== PROBLEM DETAILS ==
The expected answer is a verbatim transcription of the lines below, beginning with the first and ending with the line that holds "Visit Proof |", without pictures.

··· DATASET SECTION ···

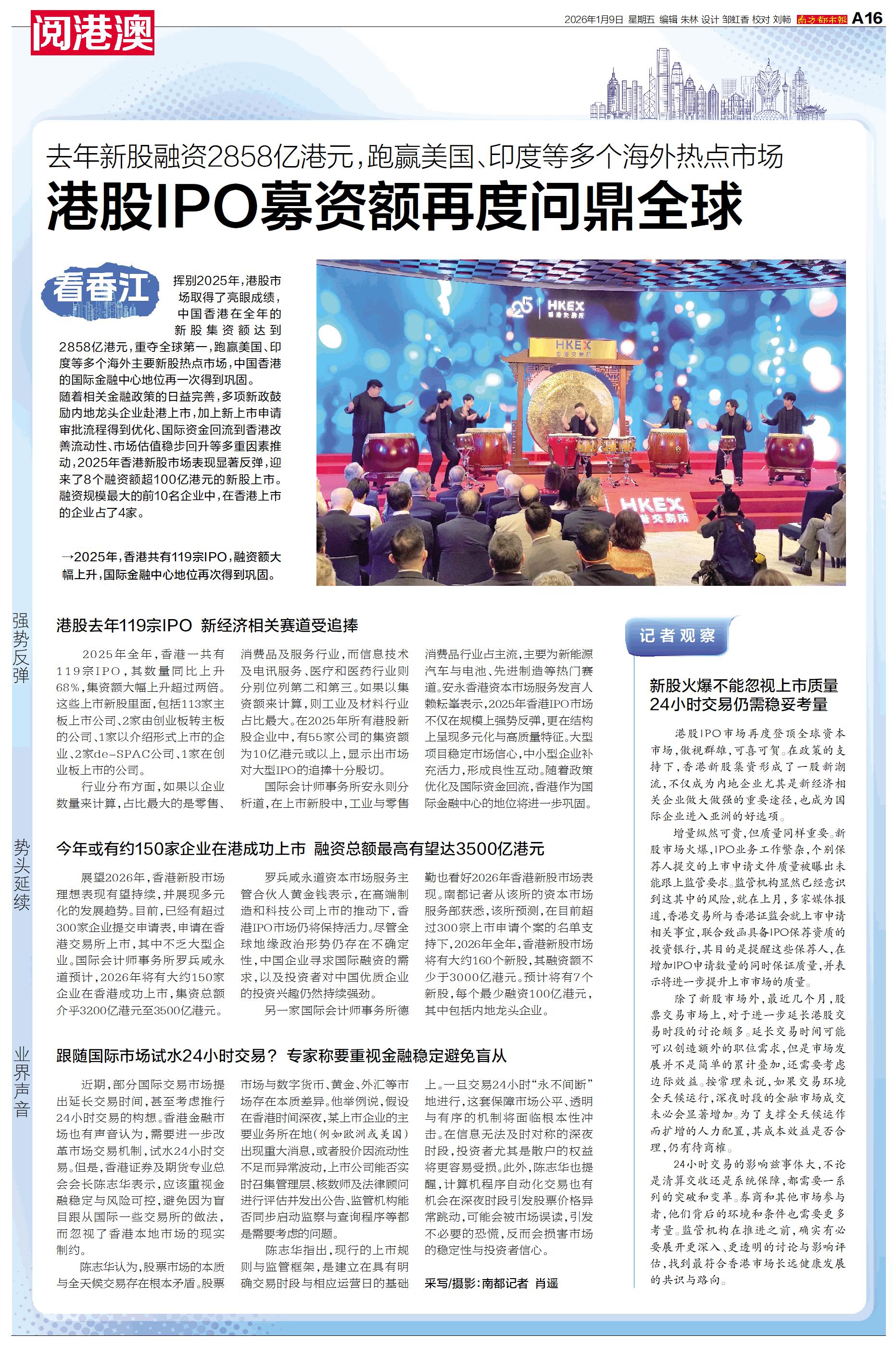 挥别2025年,港股市场取得了亮眼成绩,中国香港在全年的新股集资额达到2858亿港元,重夺全球第一,跑赢美国、印度等多个海外主要新股热点市场,中国香港的国际金融中心地位再一次得到巩固。
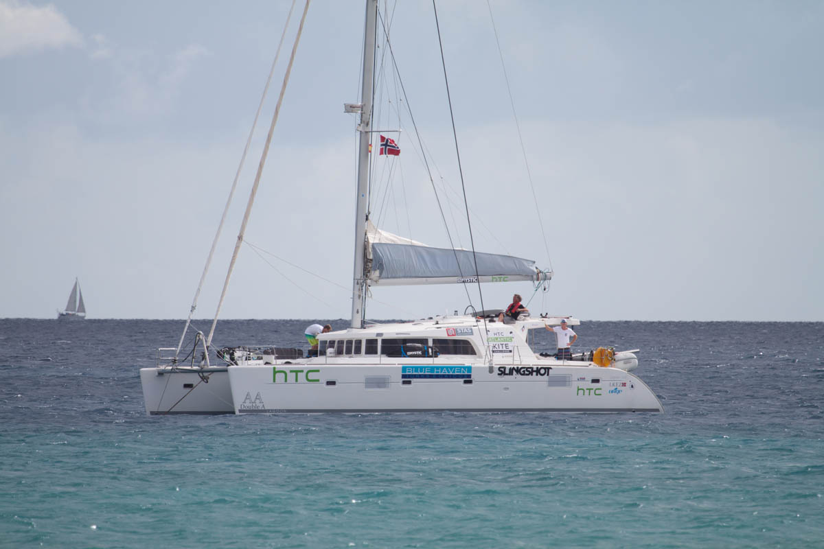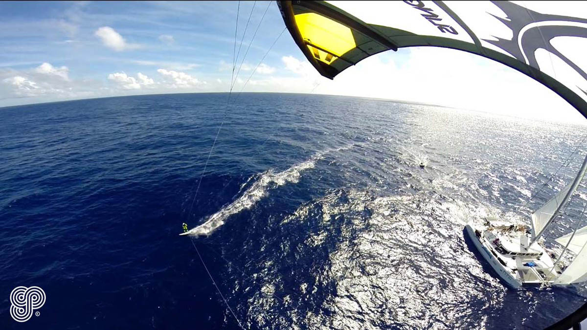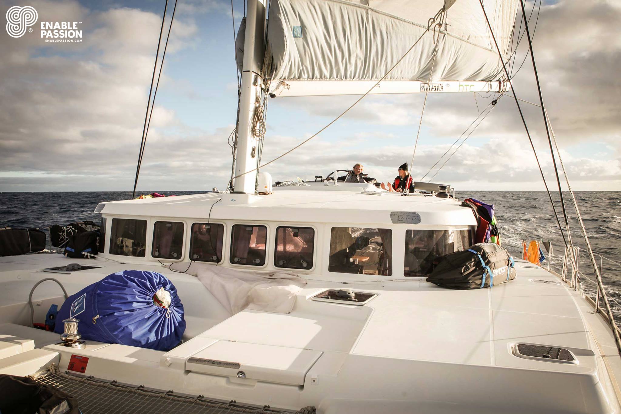Laget består förutom av Camilla, också av fem killar. Kiten är deras stafettpinne och följebåten är en Lagoon 500, en segelförsedd katamaran på 50 fot.
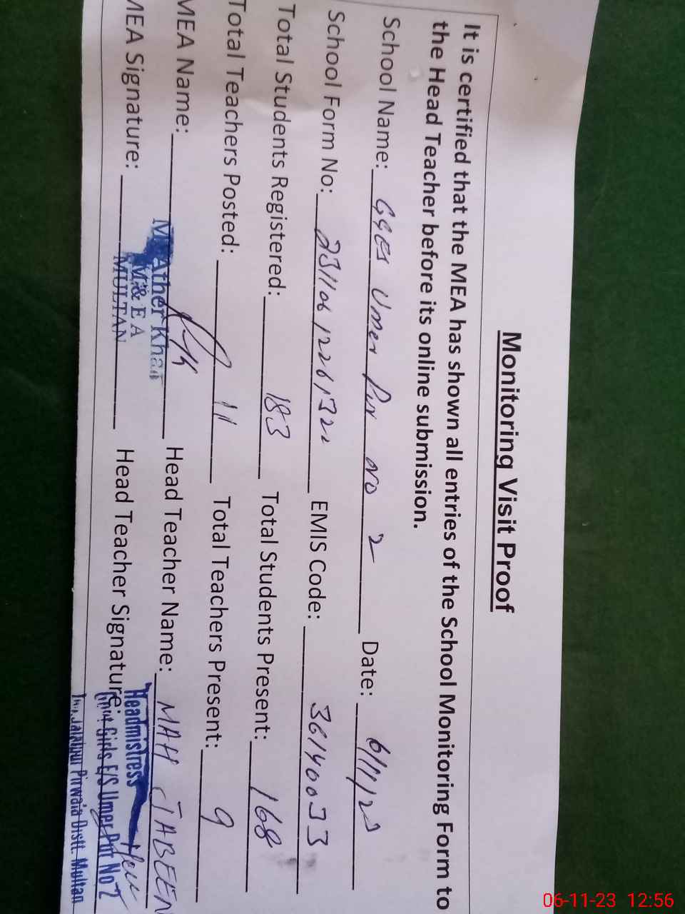 | Attendance Register | Head Teacher | MEA with School | Visit Proof |
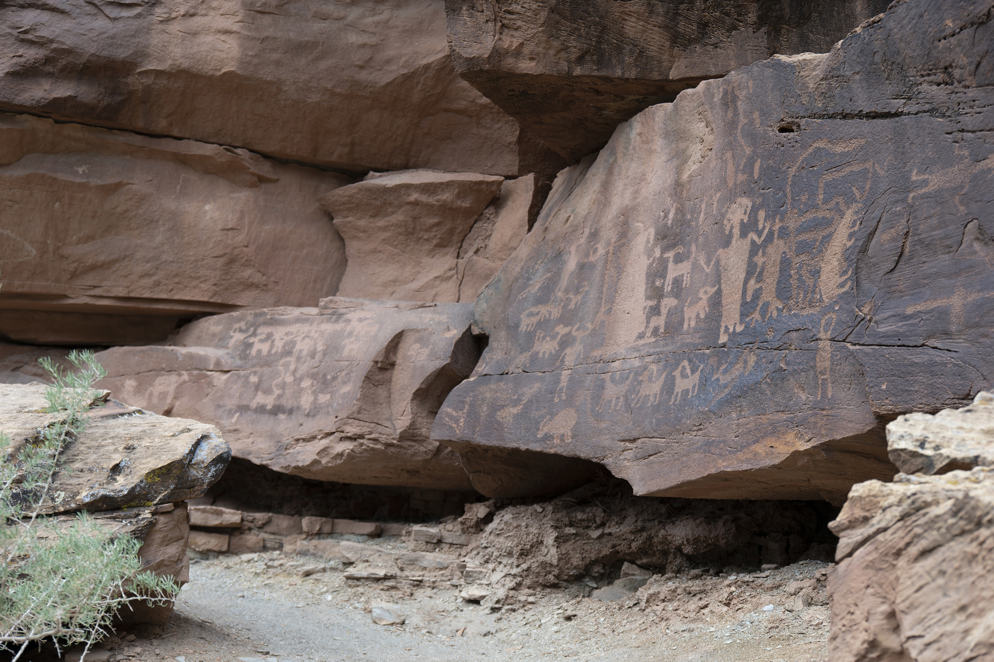 Newspaper Rock is located 15 miles west of U.S. 191 along the Indian Creek Corridor Scenic Byway in the Indian Creek unit of Bears Ears National Monument. The rock is called Tse' Hane in Navajo, or “rock that tells a story.” Hundreds of petroglyphs here feature a mixture of forms, including pictures resembling humans, animals, tools, and more esoteric, abstract things. The 200-square-foot rock is a part of the cliffs along the upper end of Indian Creek Canyon (Read: Touring the Indian Creek Corridor Scenic Byway). Keeping these places and landscapes safe is everybody's job. Please avoid adding any marketing to rock imagery sites and report any vandalism.

···

== ANSWER BOX ==
 挥别2025年,港股市场取得了亮眼成绩,中国香港在全年的新股集资额达到2858亿港元,重夺全球第一,跑赢美国、印度等多个海外主要新股热点市场,中国香港的国际金融中心地位再一次得到巩固。
Laget består förutom av Camilla, också av fem killar. Kiten är deras stafettpinne och följebåten är en Lagoon 500, en segelförsedd katamaran på 50 fot.
 | Attendance Register | Head Teacher | MEA with School | Visit Proof |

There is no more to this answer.